LeetCode題解專欄:LeetCode題解
我做的所有的LeetCode的題目都放在這個專欄裏,大部分題目Java和Python的解法都有。
題目地址:K Closest Points to Origin - LeetCode
We have a list of points on the plane. Find the K closest points to the origin (0, 0).
(Here, the distance between two points on a plane is the Euclidean distance.)
You may return the answer in any order.
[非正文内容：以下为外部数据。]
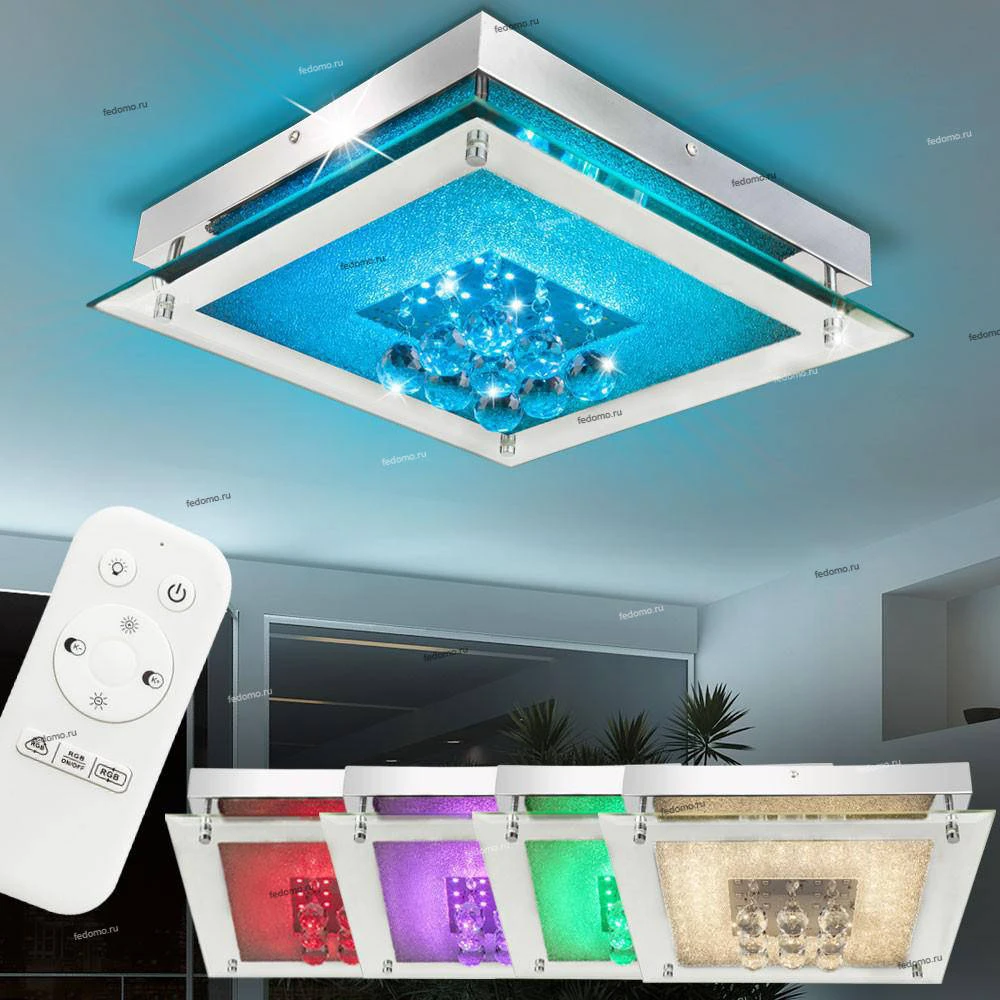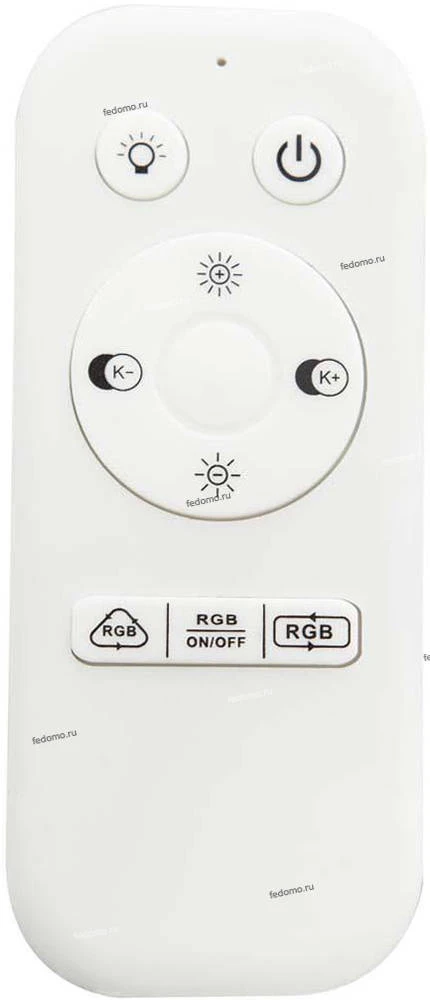 С пульта управления доступны функции: 1. Включение/выключение светодиодной RGB подсветки. 2. Плавное изменение цвета подсветки. 3. Поочерёдное изменение цвета подсветки. 4. Управление основным освещением. 5. Плавная регулировка яркости свечения. 6. Плавное изменения цвета свечения от теплого (3000K) до холодного(6000K). 7. Фиксированные цвета свечения: теплый (3000K), нейтральный (4500K) и холодный(6000K).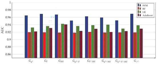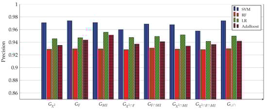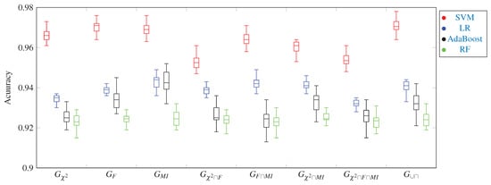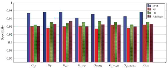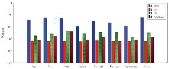 Figure 3, Figure 4, Figure 5, Figure 6, Figure 7 and Figure 8 show the results of the training/test phase for six metrics, sensitivity (recall), specificity, precision, kappa index, AUC and accuracy, whose equations can be found in any ML reference, see e.g., []. Each figure displays the values of this metric for for four classifiers, SVM, RF, LR and Adaboost, and eight gene subsets. As mentioned earlier, the training/test phase was carried out on only 1000 cases of the original dataset of 1157 cases. Further, in this phase, the testing was done using a repeated stratified k-fold approach, with and the number of repetitions equal 30, to ensure credible results. It is evident from the Figures that best performing classifier, the one with the highest values of the metrics, is the SVM classifier. It is also evident that the gene subset associated with this high performance is the subset, which contains 1058 genes out of an original number of 39,280 genes. For the box plot of Figure 8, we plotted the 30 accuracy values obtained from the 30 repetitions. The 10 results of the 10-fold in each repetition were first averaged, producing only one value, which was then considered the value of one repetition.
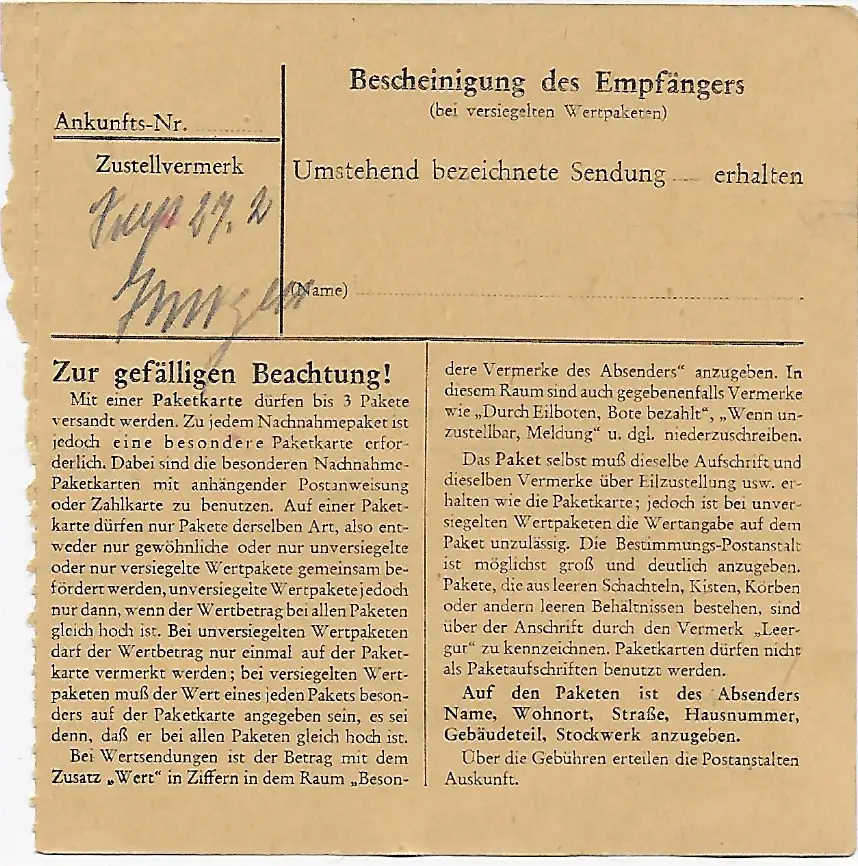 Carte de colis Miesbach, Service après Hohenthann, 1948, EF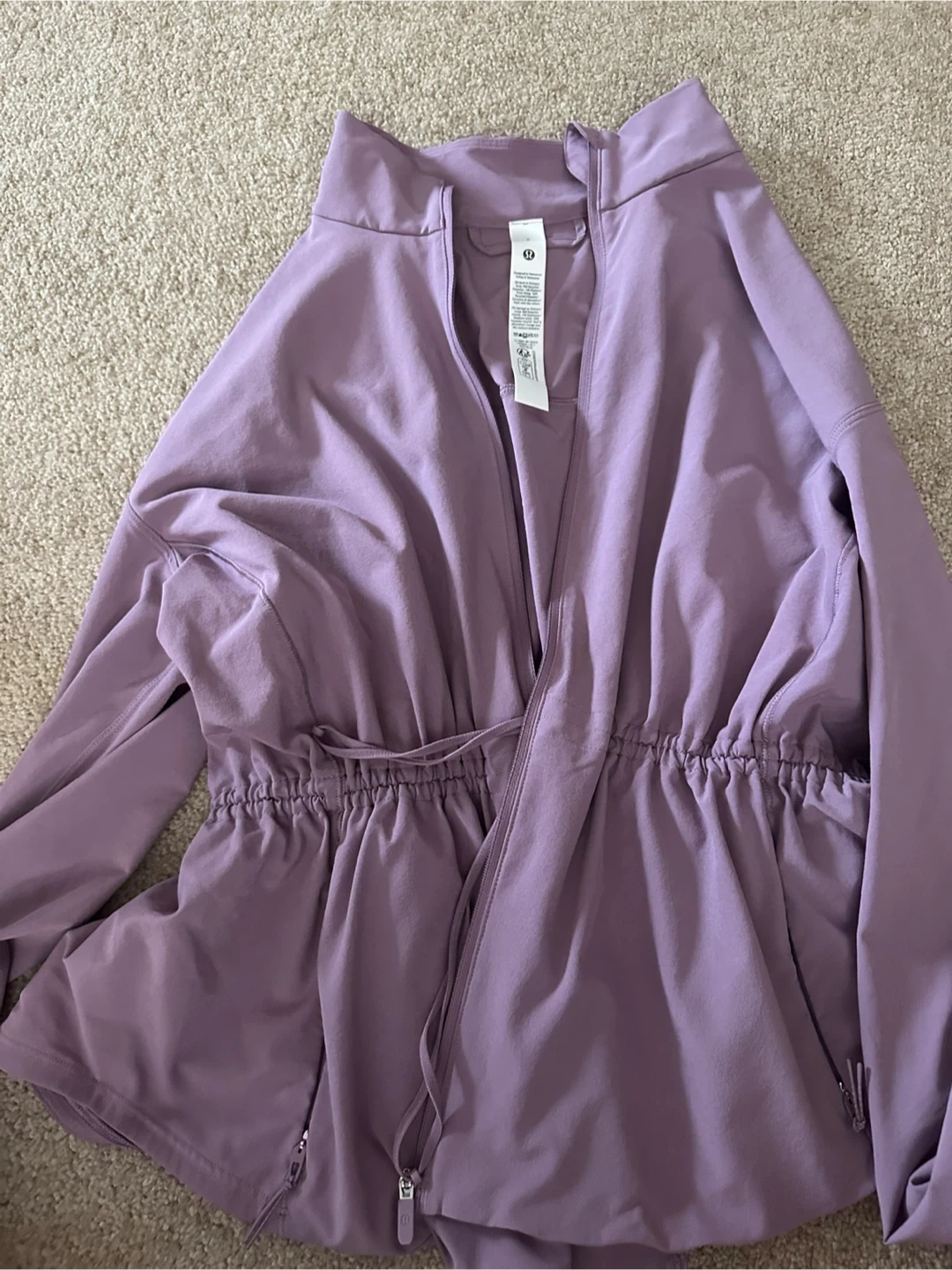 This Lululemon jacket offers UV protection and a cinched waist for a stylish fit. It's designed with a durable material and features a full zip closure. This jacket is ideal for runs or outdoor activities.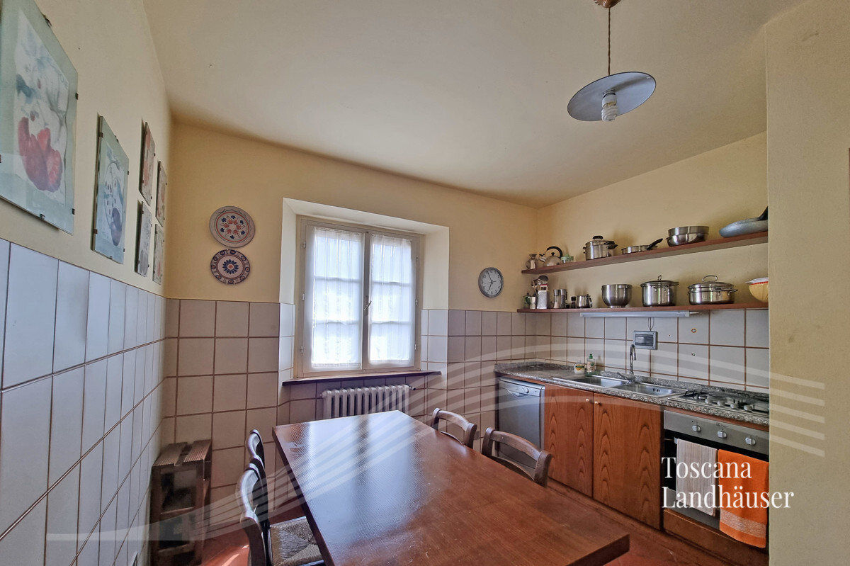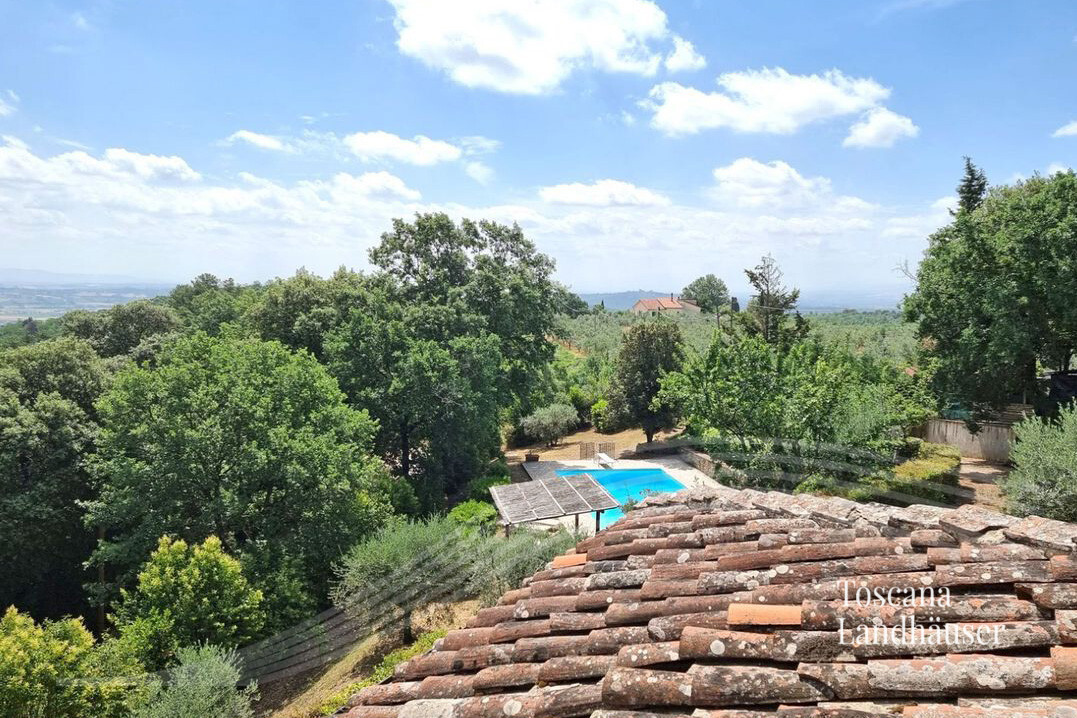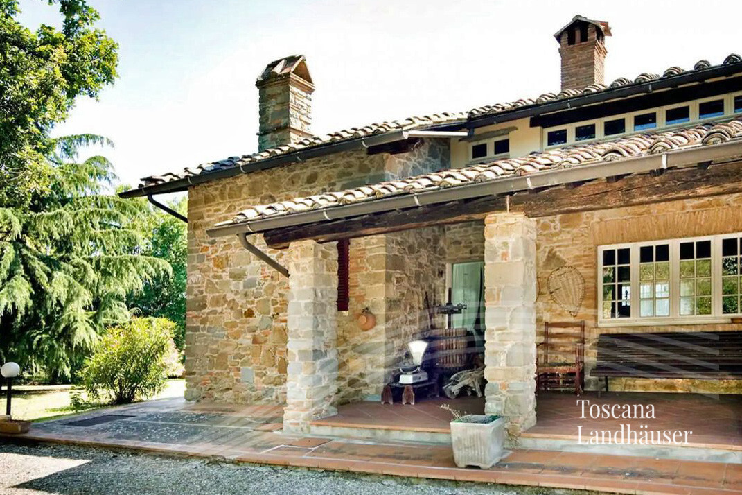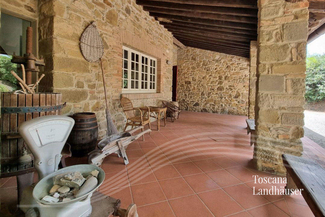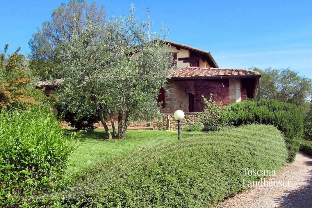 In the middle of the green hills of Monte San Savino is this natural stone house. It offers a living area of about 350 sqm on three levels and a garden of about 3,820 sqm with pool. The typical farmhouse has terracotta floors and wooden beams, creating a cozy atmosphere in harmony with the surroundings. It is suitable as a main or vacation residence due to its location and the layout of the premises, although tourist rental is also possible.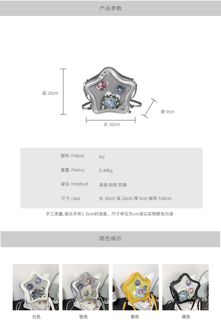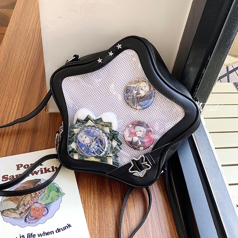 일본 스타일 귀여운 밀레 투명 통증 가방 스타 배낭 패션 달콤한 쿨 작은 음식 볼륨 오점 스타 크로스 바디 백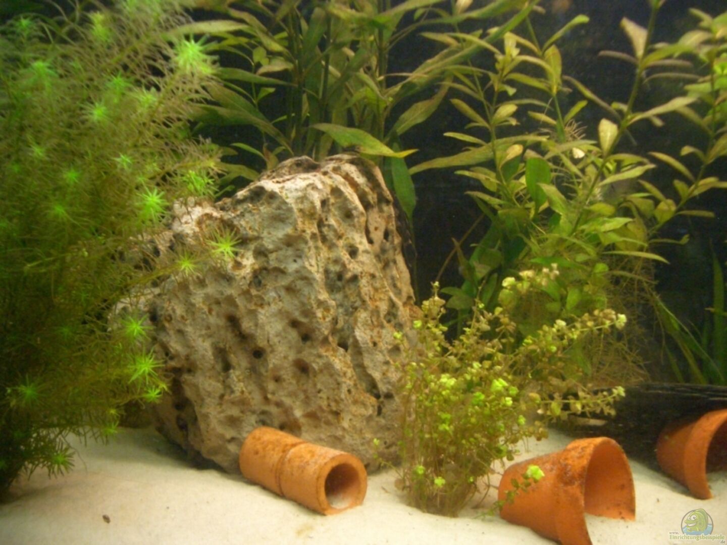 1 gro??e Wurzel 1 Lochstein 4 kleine Tontöpfe 3 kleine Tonröhren 1 Schieferplatte (schräg über 2 Tontöpfen)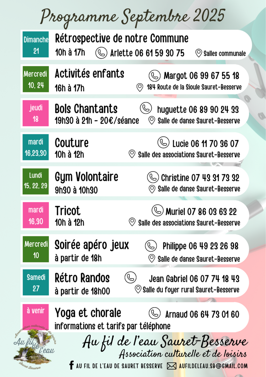 -Programme des activités de septembre

The answer is guaranteed to be unique (except for the order that it is in.)
Example 1:
Input: points = [[1,3],[-2,2]], K = 1
Output: [[-2,2]]
Explanation:
The distance between (1, 3) and the origin is sqrt(10).
The distance between (-2, 2) and the origin is sqrt(8).
Since sqrt(8) < sqrt(10), (-2, 2) is closer to the origin.
We only want the closest K = 1 points from the origin, so the answer is just [[-2,2]].
Example 2:
Input: points = [[3,3],[5,-1],[-2,4]], K = 2
Output: [[3,3],[-2,4]]
(The answer [[-2,4],[3,3]] would also be accepted.)
Note:
- 1 <= K <= points.length <= 10000
- -10000 < points[i][0] < 10000
- -10000 < points[i][1] < 10000
這道題目是找前TopK小的元素,最容易想到的方法是全排序,然後取前K個。
Python解法如下:
class Solution:
def kClosest(self, points: List[List[int]], K: int) -> List[List[int]]:
res = []
if len(points) == 0:
return res
for i in points:
i.append(i[0]**2+i[1]**2)
points.sort(key=lambda x: x[2])
for i in range(0, K):
res.append([points[i][0],points[i][1]])
return res
簡化一下:
class Solution:
def kClosest(self, points: List[List[int]], K: int) -> List[List[int]]:
return sorted(points,key = lambda x:x[0]*x[0]+x[1]*x[1])[:K]
使用最小堆可以稍微快一些:
import heapq
class Solution:
def kClosest(self, points: List[List[int]], K: int) -> List[List[int]]:
return heapq.nsmallest(K,points,key=lambda x: x[0]*x[0]+x[1]*x[1])
C++解法如下:
class Solution
{
public:
vector<vector<int>> kClosest(vector<vector<int>> &points, int K)
{
sort(points.begin(), points.end(), [](vector<int> &a, vector<int> &b) {
return a[0] * a[0] + a[1] * a[1] < b[0] * b[0] + b[1] * b[1];
});
return vector<vector<int>>(points.begin(), points.begin() + K);
}
};